I Left the Thing Early to Do the Other Thing with a Bunch of You Know: Helping Students Build Their Specific Academic Vocabulary

I Left the Thing Early to Do the Other Thing with a Bunch of You Know
Helping Students Build Their Specific Academic Vocabulary

Stacia Levy
by Stacia Levy 6,276 views |

Years ago when I was an undergraduate, another student greeted me as I entered class with, “Hey, Stacia! Did you bring the stuff for the thing?”

Yeah,” I said. “It’s in the you know.”

And the frightening part is we were both native speakers of English and were discussing a class presentation we were preparing. (Fortunately, our professor didn’t hear this exchange.) Of course, this was not how we talked during the presentation but rather in a more informal situation where both of us understood each other’s cues perfectly: my classmate did indeed know where I meant by “the you know” and went there to fetch “the stuff for the thing.” So communication was indeed taking place, but this was with someone I had known for many years and in a context we were both very familiar with. Would such language, however, succeed with an unfamiliar audience and in a more formal, written communication?
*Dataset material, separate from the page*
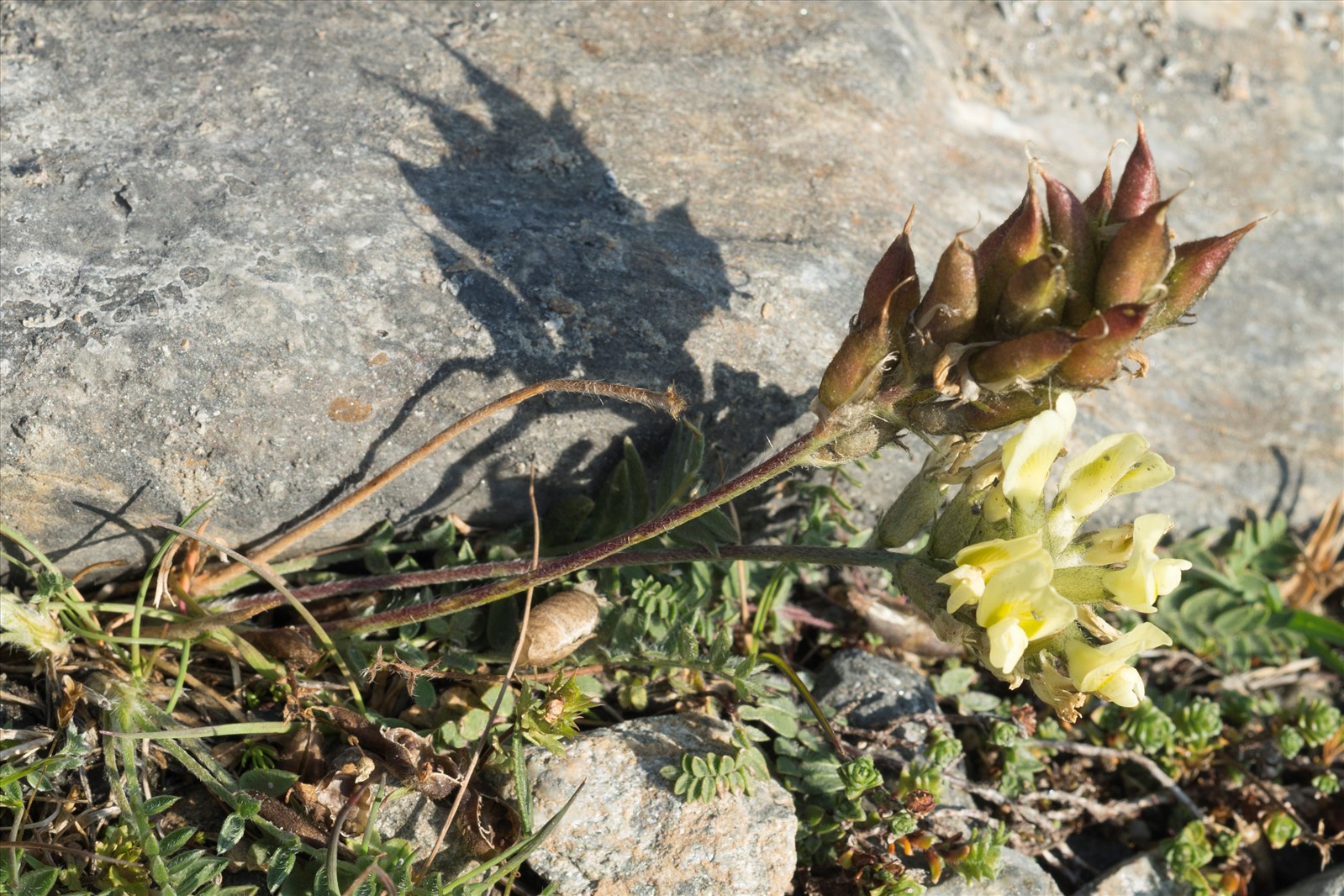 Plante de 10-20 cm, pubescente-soyeuse, à poils appliqués, non glanduleux ; tiges nulles, feuilles et pédoncules naissant d'une souche épaisse ; feuilles à 10-15 paires de folioles elliptiques ou lancéolées ; stipules soudées ; fleurs d'un blanc jaunâtre, dressées, 5-10 en grappes ovoïdes, serrées, sur des pédoncules dépassant ordinairement les feuilles ; calice velu, à tube se fendant à la maturité, à dents 3 fois plus courtes que le tube ; étendard oblong, dépassant longuement les ailes ; gousses de 14-18 mm sur 6-8, dressées, ovales apiculées, renflées, non stipitées, canaliculées sous la suture interne, velues.

Of course not—someone not deeply familiar with the immediate situation would be left scratching his head.

However, it seems with some writers this kind of vague and empty communication that leaves a lot for the audience to fill in occurs although perhaps at a more academic level. Instead of “stuff,” and “thing,” for example, writers use equally vague although more academic-sounding “elements” and “items.”Instead of “a bunch,” writers will use the more academic-seeming “several,” which I always took to mean three or four, but for many writers today seems to mean somewhere in between three and a thousand. And instead of using “you know,” directly, writers will proceed as if the audience does indeed know what they are thinking.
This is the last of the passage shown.